DATA LISTING:
------------------------------------------------------------------------

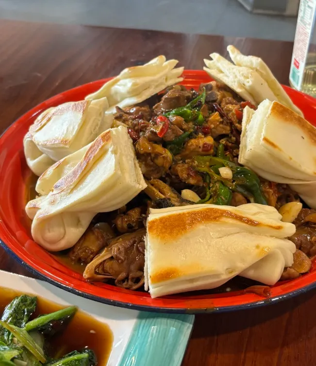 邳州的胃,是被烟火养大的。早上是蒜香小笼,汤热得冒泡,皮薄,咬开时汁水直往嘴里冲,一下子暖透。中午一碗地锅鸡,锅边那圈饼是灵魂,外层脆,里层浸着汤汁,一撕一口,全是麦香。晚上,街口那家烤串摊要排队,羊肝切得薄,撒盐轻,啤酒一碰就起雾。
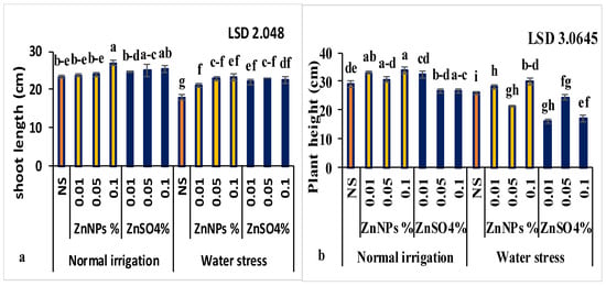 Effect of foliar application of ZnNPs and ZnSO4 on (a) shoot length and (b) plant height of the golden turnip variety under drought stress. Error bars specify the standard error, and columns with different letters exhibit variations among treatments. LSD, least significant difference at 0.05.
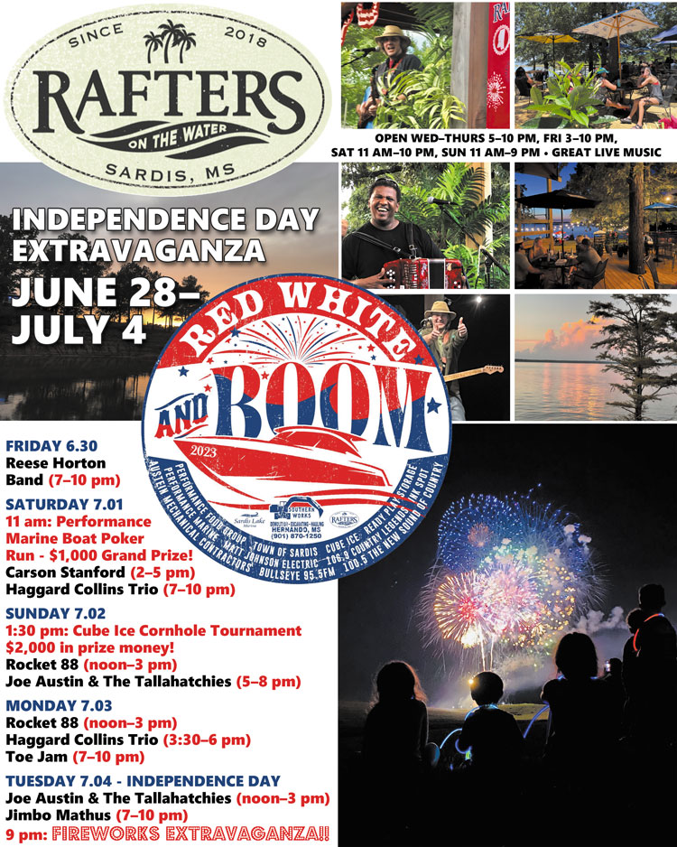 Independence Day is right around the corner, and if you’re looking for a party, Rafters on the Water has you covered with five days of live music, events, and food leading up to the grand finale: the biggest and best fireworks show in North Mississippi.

------------------------------------------------------------------------

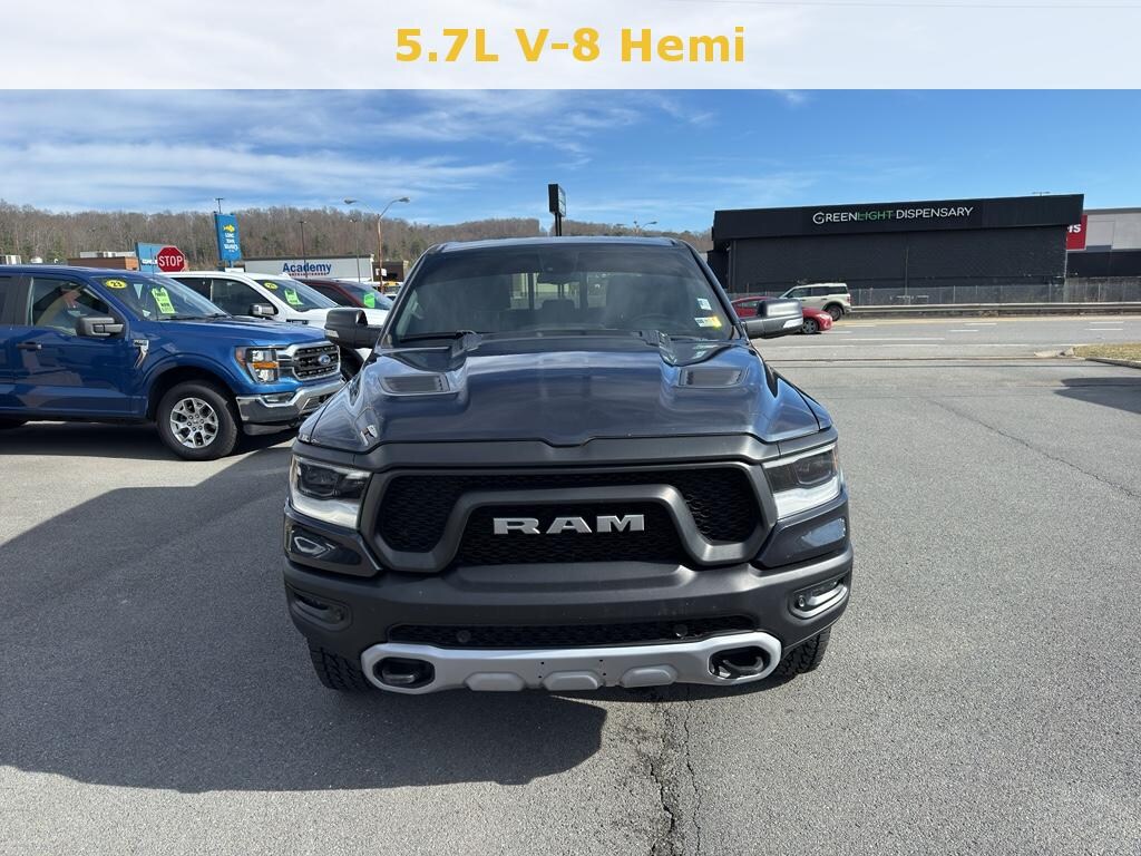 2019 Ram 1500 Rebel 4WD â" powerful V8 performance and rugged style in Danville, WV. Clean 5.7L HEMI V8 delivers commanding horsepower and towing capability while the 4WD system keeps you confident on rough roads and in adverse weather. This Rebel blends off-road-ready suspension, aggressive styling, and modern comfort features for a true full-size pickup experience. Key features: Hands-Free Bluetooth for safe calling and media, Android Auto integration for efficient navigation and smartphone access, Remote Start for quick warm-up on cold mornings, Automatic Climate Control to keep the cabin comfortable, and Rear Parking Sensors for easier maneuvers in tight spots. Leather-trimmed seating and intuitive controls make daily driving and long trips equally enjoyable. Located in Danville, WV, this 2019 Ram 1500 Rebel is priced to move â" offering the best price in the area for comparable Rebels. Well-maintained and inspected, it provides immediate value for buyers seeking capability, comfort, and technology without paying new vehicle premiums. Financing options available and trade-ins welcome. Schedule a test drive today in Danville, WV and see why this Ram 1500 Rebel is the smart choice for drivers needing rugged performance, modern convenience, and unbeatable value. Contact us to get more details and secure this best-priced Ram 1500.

------------------------------------------------------------------------

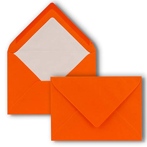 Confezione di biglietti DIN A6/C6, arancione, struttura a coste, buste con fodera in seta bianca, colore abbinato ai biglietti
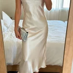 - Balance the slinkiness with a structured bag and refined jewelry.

------------------------------------------------------------------------

TASK ITEM: Take the material above and output only the lines from the one that contains "邳州的胃,是被烟火养大的。早" through the one that contains "Independence Day is", ends included and images left out.

WORKED SOLUTION:
 邳州的胃,是被烟火养大的。早上是蒜香小笼,汤热得冒泡,皮薄,咬开时汁水直往嘴里冲,一下子暖透。中午一碗地锅鸡,锅边那圈饼是灵魂,外层脆,里层浸着汤汁,一撕一口,全是麦香。晚上,街口那家烤串摊要排队,羊肝切得薄,撒盐轻,啤酒一碰就起雾。
 Effect of foliar application of ZnNPs and ZnSO4 on (a) shoot length and (b) plant height of the golden turnip variety under drought stress. Error bars specify the standard error, and columns with different letters exhibit variations among treatments. LSD, least significant difference at 0.05.
 Independence Day is right around the corner, and if you’re looking for a party, Rafters on the Water has you covered with five days of live music, events, and food leading up to the grand finale: the biggest and best fireworks show in North Mississippi.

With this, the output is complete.